Frank (and his last name) & 
Darla (and her last name)     
invite you to share in the joy
of the beginning of their new life     
 together when they exchange marriage vows on   
Saturday the fourth of August 2007      
at eight o'clock in the evening                                                     
at..... blah blah.... 

Is it just me or does anyone see what is wrong with EVERYTHING here? I wanted to go crazy when I read the invitation, especially when I thought about how Darla is now living in Joy's home (which is also by the way where Joy passed away) AND she even has the nerve to sleep with Frank on the very same bed Joy that died on!  I am appalled at it all. She is obviously oblivious that she has done anything hurtful or wrong period. I can't believe she even included the word "joy" in her invitation! And I am no wedding expert, but isn't 8pm a bit late in the day for a wedding to begin? Wait! It gets even more tacky.        

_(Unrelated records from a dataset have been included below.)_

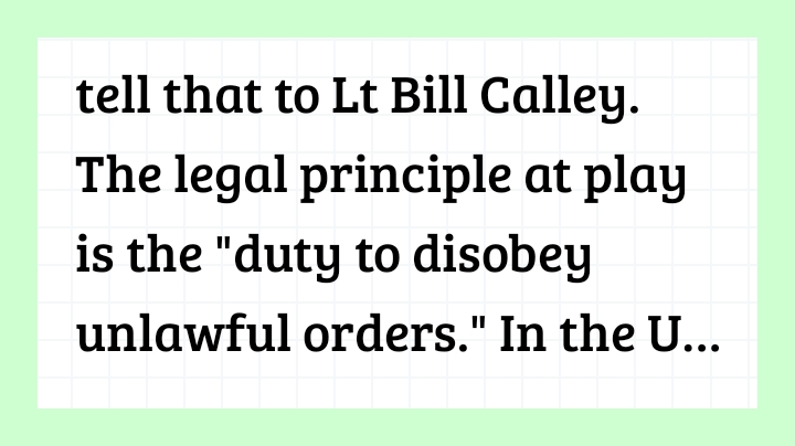 tell that to Lt Bill Calley. The legal principle at play is the "duty to disobey unlawful orders." In the U.S. military, following a superior's order is mandatory, but this obligation only applies to lawful orders. An order is unlawful if it is patently illegal, such as one that directs the commission of a crime or violates the U.S. Constitution or international law (like the laws of war/Geneva Conventions). The My Lai Precedent The My Lai Massacre is the most significant historical case that established the modern legal standard for American soldiers in this context:
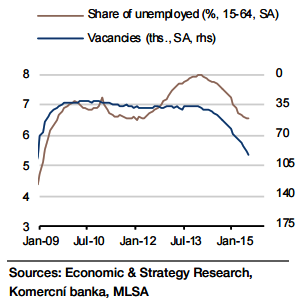 Czech's growing industrial output and flourishing construction creates more and more vacancies and thus contributes to the decline of unemployment. The seasonally adjusted share of unemployed should marginally decrease cutting the headline number to 6.2%.
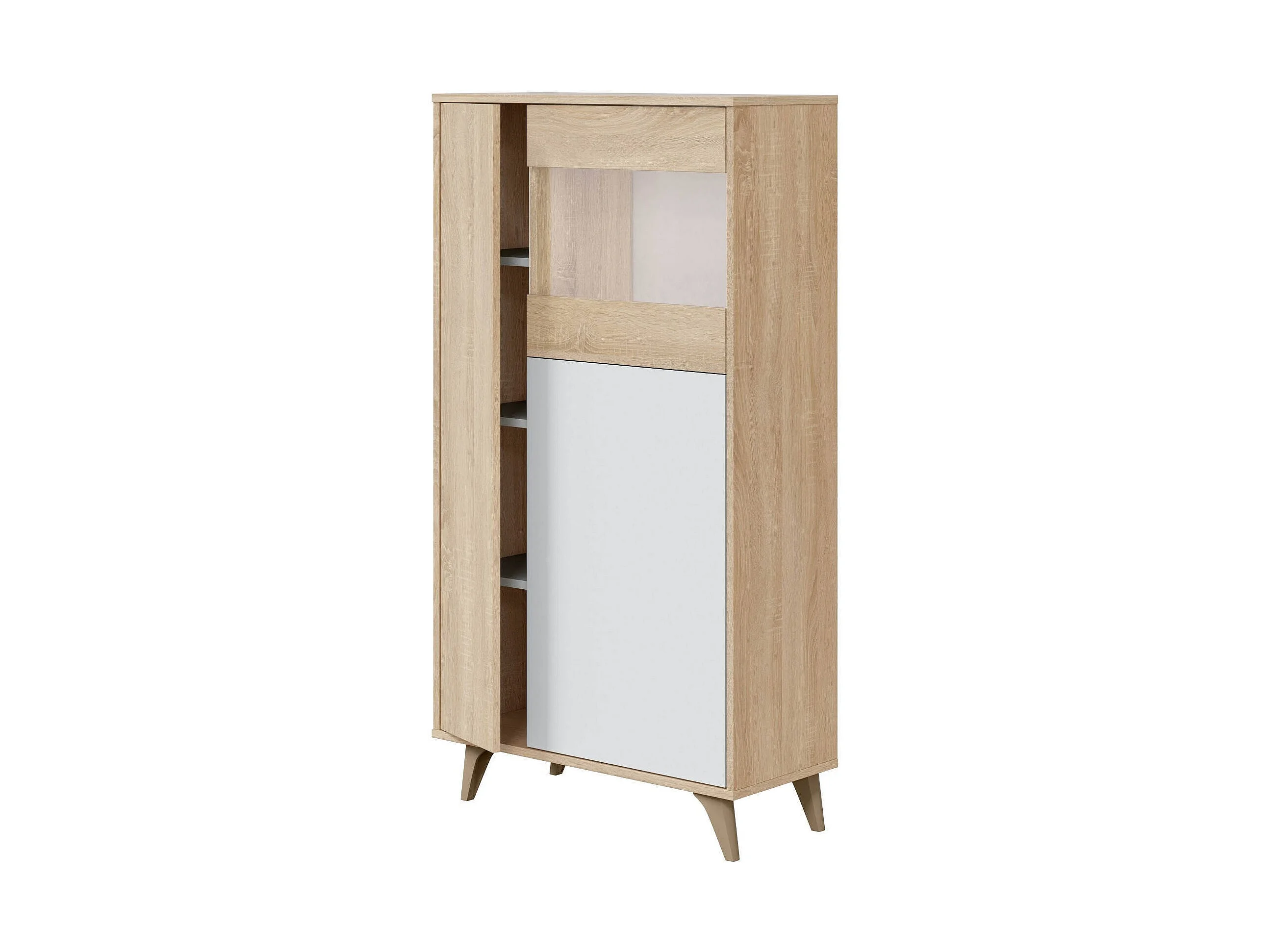 Vitrine Daceved, Vitrine moderne avec 3 portes, Buffet pour salon ou salon, Buffet haut avec étagères, 77x33h142 cm, Chêne et Blanc

Then I opened the other smaller envelope. Correct me if I am wrong but I always thought the smaller envelopes inside wedding invitations were RSVP cards, so that is what I was expecting to see inside. Instead it had no RSVP info. It just read: In Lieu of gifts we would appreciate cash gifts in the form of cash or check! I looked inside of the card and it was blank and there was a Chinese new year red money envelope inside of it. I wanted to barf by this time and still do. I think EVERYTHING she did is totally tacky and evil too. The stupid invitation was inconsiderate and offended me, (and many others as well). I don't know how she could morally do any of it and not feel bad. Tacky all the way around! Needless to say, NO WAY DID I ATTEND! NO WAY!                                   

Invitations0810-07


 

I am not sure if this is a faux pas or tacky or if it is even against etiquette, but I have been puzzling over this for years.

Years ago a woman I'll call Beth got engaged. We had been very good friends when younger, but had drifted apart although we still had many of the same friends- we just never saw them at the same time. She was-still is- a very friendly, gregarious type; much moreso than I am and she invited everyone to the wedding she had ever met, practically, except me. I was very hurt at first when I realized that alone of all of our mutual friends that I was the only one not invited, but then decided- probably immaturely- that if she had no interest in inviting me, I really had no interest in seeing her again even socially, and to this day I really have no interest in her life.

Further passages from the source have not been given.